My wife and I have followed Martha to this dripping, dappled forest to take the waters, the mud, the air, the tropical sunlight—magical elements that Martha promises will “rejuvenate your souls and strip you of all pretense.” This sounds about right.
Finally we emerge in a clearing at the bottom of the ravine. Soft, painless earth squishes under our heels. We inhale the moist air and take in our surroundings. Down the hillside, a waterfall cascades over mossy rocks, flowing into natural and man-made pools: some ice-cold, some steaming hot. Ferns and vines creep down the cliff, as if intent on reclaiming this spot. I count roughly 8,000 shades of green, punctuated by orange (heliconia), purple (banana flowers), and vivid red (torch ginger).
We’re deep in the rain forest of Dominica, at a mineral spa and botanical garden called Papillote. On any other Caribbean island, these four acres of tropical gardens—with 81 varieties of orchid alone—would be a major deal. On Dominica, Papillote is just one more lovely place to spend an afternoon.
“Feel those healing vibrations,” Martha says as she leads us under the waterfall. Her velvety British accent makes this sound a bit less silly. Raised in East London, she worked in finance before shifting gears and traveling to India to study Sanskrit and yoga psychology. Five years ago she moved to Dominica, the birthplace of her parents.
Martha wears a pale-green wrap over her bikini and an intricately knotted headcloth à la Erykah Badu. In the shade of a fan palm, she rolls out a reed mat and proceeds to bathe, scrub, and massage us both back to full health—using sulfur mud from the pools, homemade coconut oil, and springwater ladled with a calabash shell.
While Martha’s outdoor “Primal Spa” course had sounded hokey on paper—it certainly does as I recount it here, by the cold light of a laptop—there’s something about Dominica that makes it feel perfectly natural: like, Of COURSE I’m going to slather myself in mud and open my third eye to the wisdom of Gaia! Of COURSE I’m going to do that!
Earlier in our visit we’d met a nameless explorer—I mean he had no actual name, by choice—who was hiking with only his Speedo and a pendulum, divining the island’s “humongous volcanic energy.” I laughed, of course. But by the time Martha sloughs us with her coffee-spice scrub, I’ve come fully around. Dominica has a way of relaxing the objectional cortex, silencing the inner crank, opening you to things your home self would call kooky.
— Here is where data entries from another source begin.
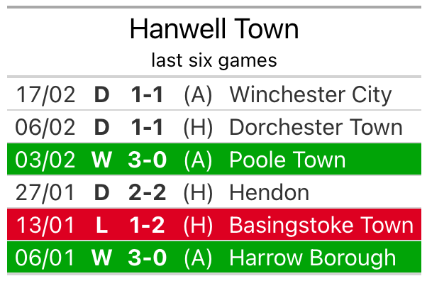 In their last league match, on Saturday, Hanwell drew with Winchester City 1-1 away.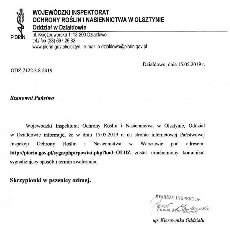 Komunikat sygnalizacyjny o sposobie i terminie zwalczania skrzypionki w pszenicy ozimej.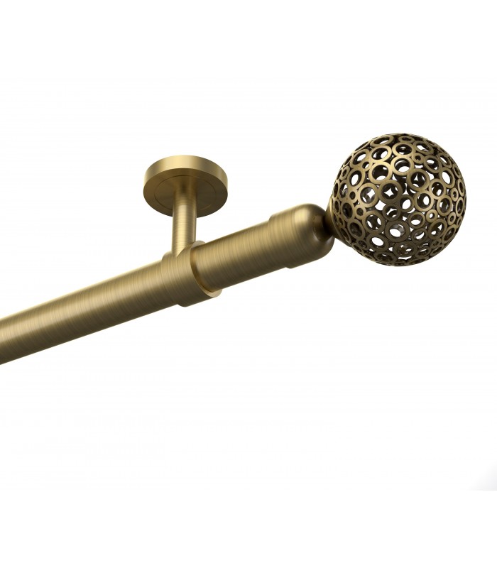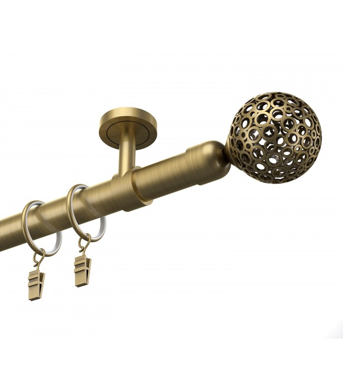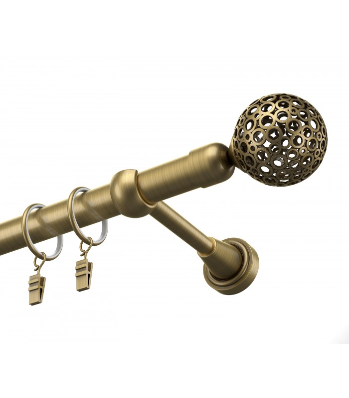 Elegantná a pevná kovová garníža v prevedení antík s dizajnovou koncovkou Gula Modern. Vhodná pre klasické aj moderné interiéry. Vďaka kvalitnému spracovaniu a stabilnému uchyteniu zabezpečuje dlhodobú spoľahlivosť aj pri ťažších závesoch.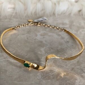 14k/20 gold plated choker real emerald color gold en green size 5-1/2x5-1/2 inches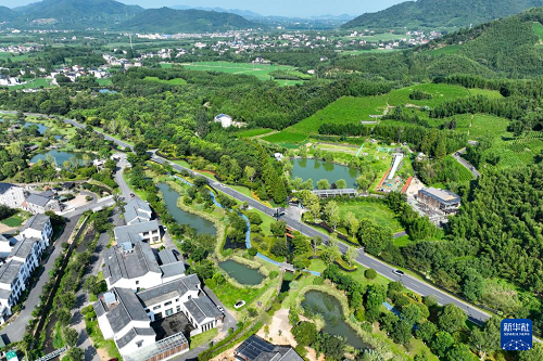 這是8月5日拍攝的浙江省杭州市余杭區(qū)徑山村景色(無人機(jī)照片)。(新華社記者 毛竹 攝)

Of course, it doesn’t hurt that the setting is overwhelmingly gorgeous.
Dominica (do-mi-nee-ka) was so named by Columbus, who spotted the island off his prow one pleasant Sunday—Dominica, in Latin—in 1493. Already there: the Kalinago people, who called their mountainous home Wai’tukubuli, meaning “tall is her body.” Midway between Guadeloupe and Martinique, it is among the largest of the Windward Islands—“twice the size of Barbados,” everyone will tell you, “with only one-fifth the population.” Geologically speaking, it is the youngest island in the chain, still being formed by volcanic activity. Development, too, is fairly nascent.
“Everything you need to understand about Dominica—our economy, our culture, our history—begins with the topography,” says Lennox Honychurch, an Oxford-educated anthropologist and Dominica’s unofficial historian. This was the last Caribbean island to be colonized—by the British, in 1763. “Even then, most colonial rulers never made it to the other side of the island,” Lennox says. The interior and rocky eastern coast were so remote as to be nearly ungovernable, leaving the Kalinago and Creole cultures somewhat to themselves.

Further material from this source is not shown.